2 Department of Computer Engineering, Shahid Bahonar University of Kerman, Kerman, Iran


Fuzzy Decision Tree (FDT) classifiers combine decision trees with approximate reasoning offered by fuzzy representation to deal with language and measurement uncertainties. When a FDT induction algorithm utilizes stopping criteria for early stopping of the tree's growth, threshold values of stopping criteria will control the number of nodes. Finding a proper threshold value for a stopping criterion is one of the greatest challenges to be faced in FDT induction. In this paper, we propose a new method named Iterative Deepening Fuzzy ID3 (IDFID3) for FDT induction that has the ability of controlling the tree’s growth via dynamically setting the threshold value of stopping criterion in an iterative procedure.
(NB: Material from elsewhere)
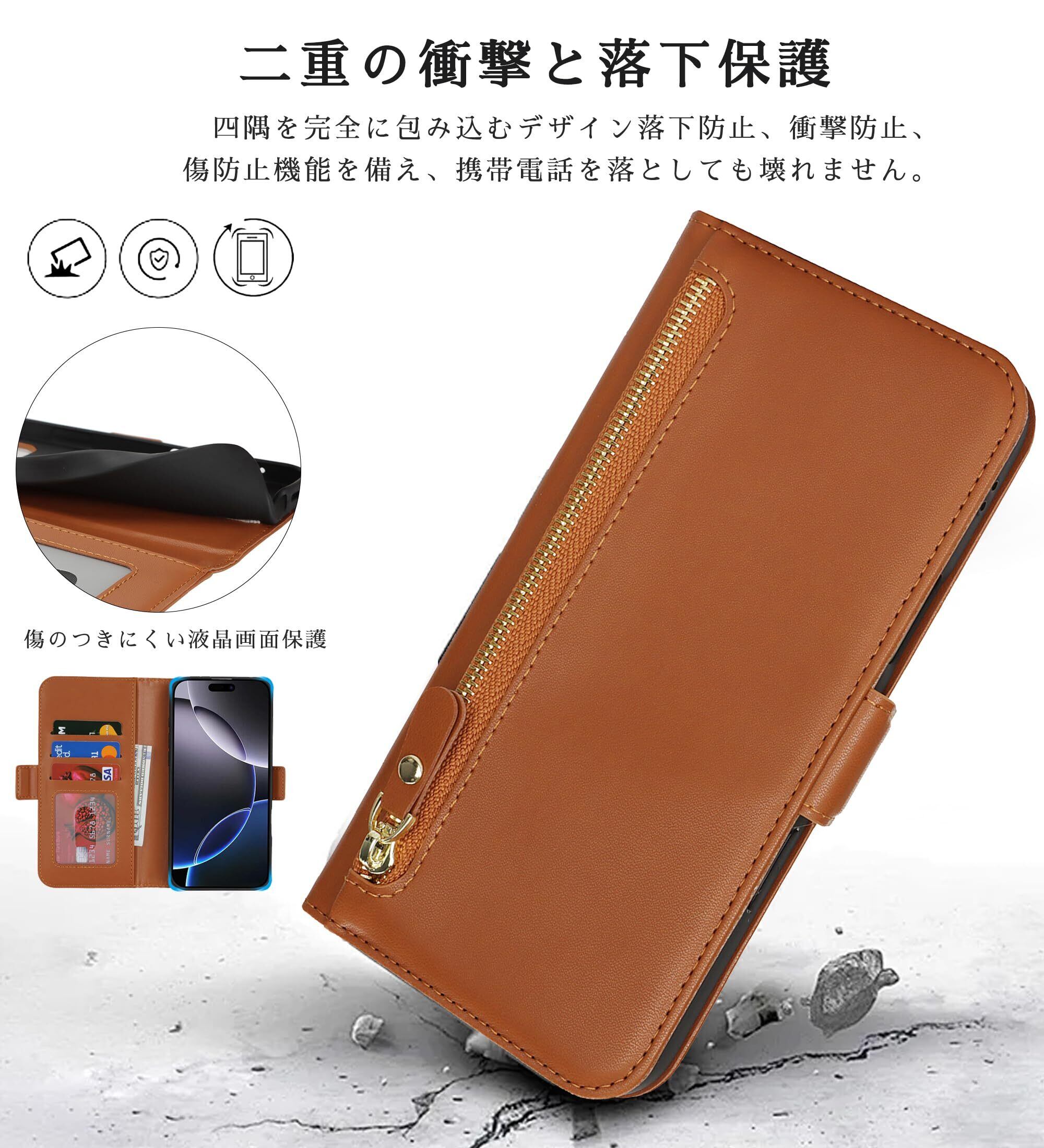 【多機能収納設計、実用的で便利】:携帯電話ケースショルダーには、ジッパー式小銭入れ、テラー式カードホルダー、複数のカードスロットに加え、マグネット式開閉とスナップ式開閉が内蔵されており、銀行カード、交通カード、ICカード、名刺、月パス、小銭などを安全に収納することができます。 大容量のデザインは、余分な財布を持ち歩くことなく、保護ケースだけで毎日のニーズを満たすことができます。
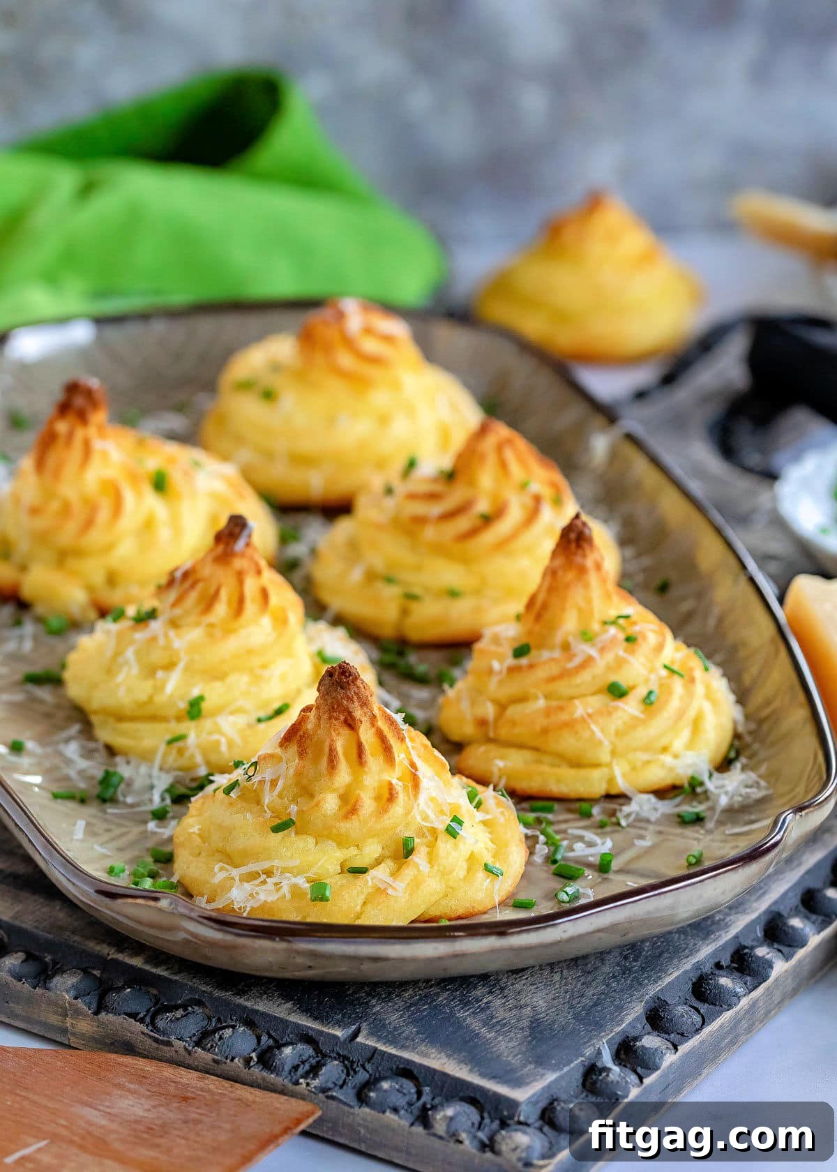The beauty of this recipe lies not only in its exquisite taste and appearance but also in its incredible practicality. Duchess Potatoes are the perfect make-ahead side dish, allowing you to prepare them entirely in advance, even freezing them in their individual portions. Imagine the convenience during the busy holiday season – simply pull them from the freezer and pop them straight into the oven, frozen, for a fresh-baked, impressive side with minimal effort on the day of your event. This feature alone makes them an absolute winner for any host!

The final FDT induced by IDFID3 and the one obtained by common FID3 are the same when the numbers of nodes of induced FDTs are equal, but our main intention for introducing IDFID3 is the comparison of different stopping criteria through this algorithm. Therefore, a new stopping criterion named Normalized Maximum fuzzy information Gain multiplied by Number of Instances (NMGNI) is proposed and IDFID3 is used for comparing it against the other stopping criteria. Generally speaking, this paper presents a method to compare different stopping criteria independent of their threshold values utilizing IDFID3. The comparison results show that FDTs induced by the proposed stopping criterion in most situations are superior to the others and number of instances stopping criterion performs better than fuzzy information gain stopping criterion in terms of complexity (i.e. number of nodes) and classification accuracy. Also, both tree depth and fuzzy information gain stopping criteria, outperform fuzzy entropy, accuracy and number of instances in terms of mean depth of generated FDTs.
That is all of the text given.